[DATA BELOW Boundary: Start]

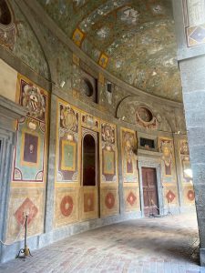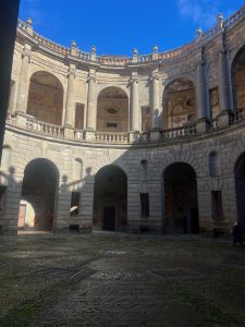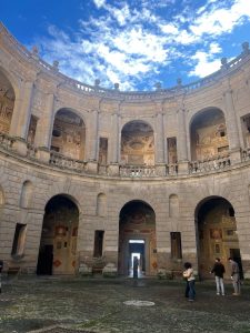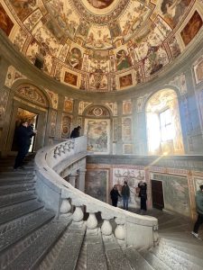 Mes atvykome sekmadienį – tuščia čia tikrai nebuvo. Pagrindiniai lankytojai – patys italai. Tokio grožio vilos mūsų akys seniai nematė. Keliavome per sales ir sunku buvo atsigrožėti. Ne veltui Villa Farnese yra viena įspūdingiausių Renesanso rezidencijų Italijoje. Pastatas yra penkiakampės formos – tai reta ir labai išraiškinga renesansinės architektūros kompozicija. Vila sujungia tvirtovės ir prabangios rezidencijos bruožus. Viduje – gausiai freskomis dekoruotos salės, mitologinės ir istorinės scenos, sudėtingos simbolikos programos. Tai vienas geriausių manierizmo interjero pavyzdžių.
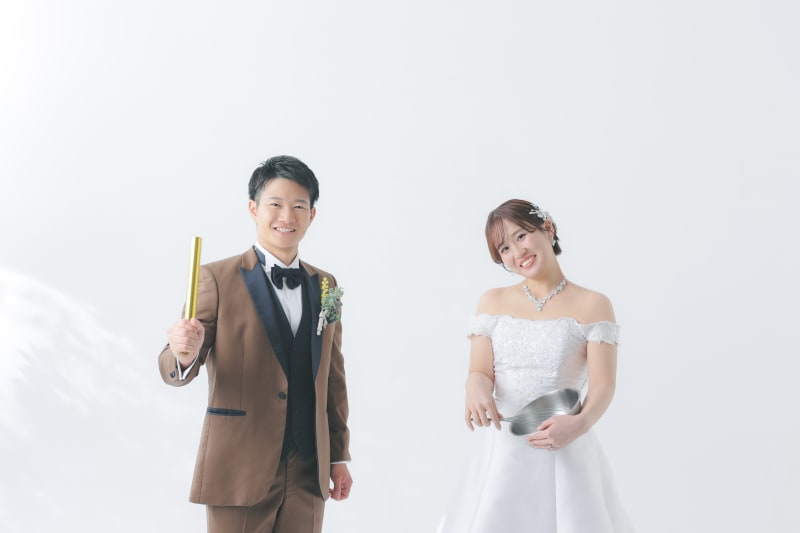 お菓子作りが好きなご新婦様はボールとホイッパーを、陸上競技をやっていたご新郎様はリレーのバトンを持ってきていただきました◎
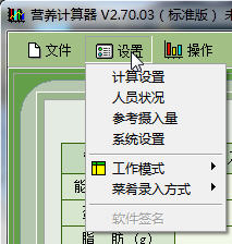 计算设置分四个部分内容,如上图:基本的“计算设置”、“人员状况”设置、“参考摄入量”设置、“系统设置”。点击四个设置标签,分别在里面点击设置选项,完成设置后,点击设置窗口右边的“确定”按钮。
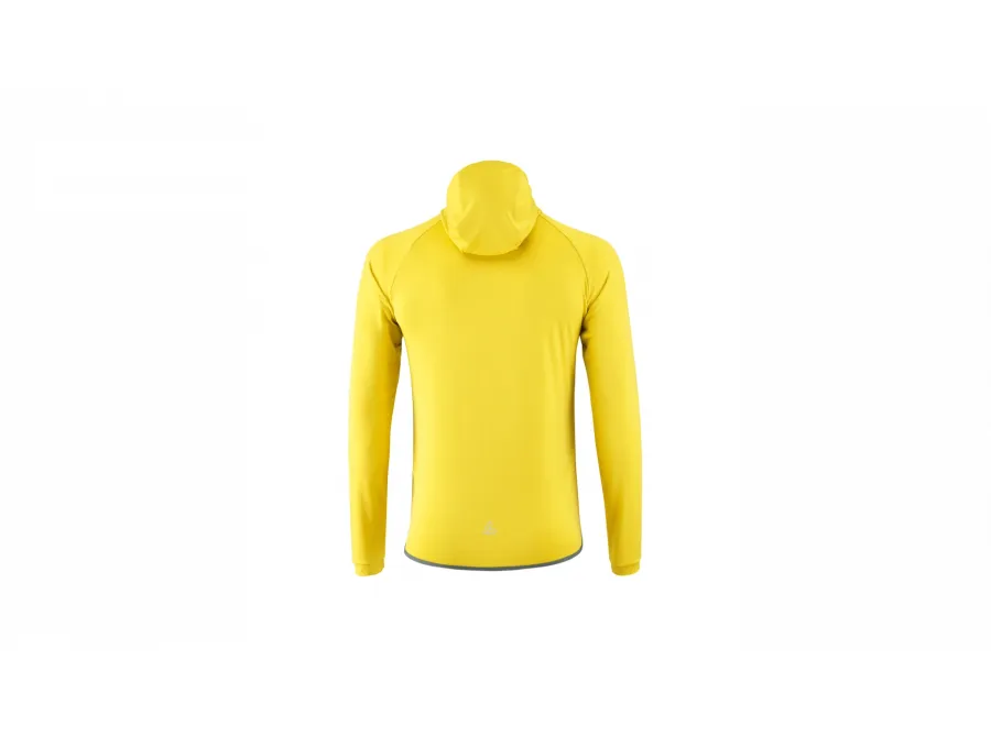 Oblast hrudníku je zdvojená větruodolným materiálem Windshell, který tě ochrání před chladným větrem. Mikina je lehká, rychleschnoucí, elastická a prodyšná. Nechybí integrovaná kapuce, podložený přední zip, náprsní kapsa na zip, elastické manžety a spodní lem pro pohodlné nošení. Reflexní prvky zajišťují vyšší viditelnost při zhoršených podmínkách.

[DATA BELOW Boundary: End]

* **TASK ITEM**:
Please transcribe the lines from the one containing "お菓子作りが好きなご新婦様は" to the last line of the listing, both included, exactly and with nothing added, leaving every picture out.

* **RESPONSE BOX**:
 お菓子作りが好きなご新婦様はボールとホイッパーを、陸上競技をやっていたご新郎様はリレーのバトンを持ってきていただきました◎
 计算设置分四个部分内容,如上图:基本的“计算设置”、“人员状况”设置、“参考摄入量”设置、“系统设置”。点击四个设置标签,分别在里面点击设置选项,完成设置后,点击设置窗口右边的“确定”按钮。
 Oblast hrudníku je zdvojená větruodolným materiálem Windshell, který tě ochrání před chladným větrem. Mikina je lehká, rychleschnoucí, elastická a prodyšná. Nechybí integrovaná kapuce, podložený přední zip, náprsní kapsa na zip, elastické manžety a spodní lem pro pohodlné nošení. Reflexní prvky zajišťují vyšší viditelnost při zhoršených podmínkách.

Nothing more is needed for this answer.